I’m not really sure we need to post yet another news story about Katharine Jefferts Schori. At least to this elf, they all begin to sound alike. But in the “For the Record” category, here’s an excerpt from the Houston Chronicle’s article on the Presiding Bishop’s recent visit there.
From the Houston Chronicle:
Episcopal leader urges teamwork in repairing the world
[…]
“The reality is that reconciliation and freedom go hand in hand,” she told Houstonians and members of the Union of Black Episcopalians in a morning service at downtown’s Christ Church Cathedral. “The irony is that freedom, reconciliation and the reign of God are all around us, and yet none of them is fully known or experienced ”” not yet.”
Jefferts Schori, who was elected the first female leader of the 2.3 million-member Episcopal Church in June 2006, is on her first official visit to Houston. Her sermon was a highlight of the 39th annual meeting of the Union of Black Episcopalians, many participants said. She will lead a forum today at the conference, which concludes Friday.

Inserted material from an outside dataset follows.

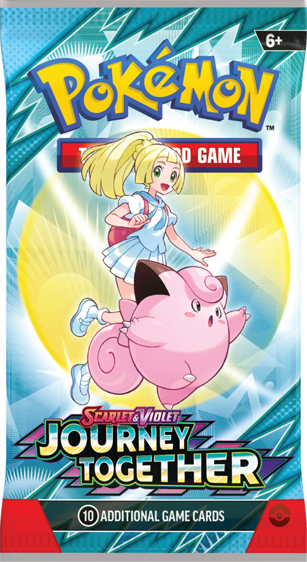 Met diep vertrouwen en constante begeleiding helpen Trainers het beste in hun Pokémon naar boven te halen. De band die ze delen, stelt hen in staat om als één geheel te handelen in de strijd, terwijl ze hun kracht tot het uiterste drijven, ook als Pokémon ex! Werk samen met N's Zoroark ex, Iono's Bellibolt ex, Lillie's Clefairy ex, Hop's Zacian ex en meer Trainer's Pokémon, en ontdek de onstuitbare kracht van vriendschap in de Pokémon TCG: Scarlet & Violet—Journey Together-uitbreiding! Breid je collectie uit met deze Booster Bundle met zes boosterpakketten van Pokémon TCG: Scarlet & Violet—Journey Together!
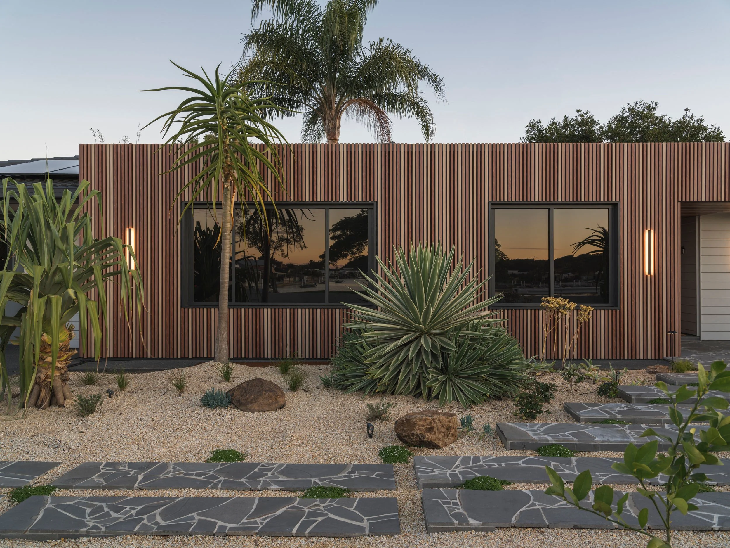Modern house with wooden vertical slat exterior, large black-framed windows, desert-style landscaping with agave and yucca plants, rocky ground, stone pathway, and tropical trees in the background at sunset.

“We live in a world that is not yet whole, and we understand our vocation to be its healing or repair,” she said in a sanctuary filled with both black and white Episcopalians. “Our Jewish brothers and sisters call it ‘Tikkun Alam,’ the repair of the world.”
A healed world is an ancient dream, the presiding bishop said during her sermon. Telling stories of both joy and grief is part of the healing process.
“Over and over and over again, the prophets railed against those who brought greater divisions to the world, those who bring more injustice, those whose deeds sow destruction,” she said.
Jefferts Schori said there are many kinds of reconciliations ”” “between individuals, within families, among nations, between politicians and, yes, even theological factions.”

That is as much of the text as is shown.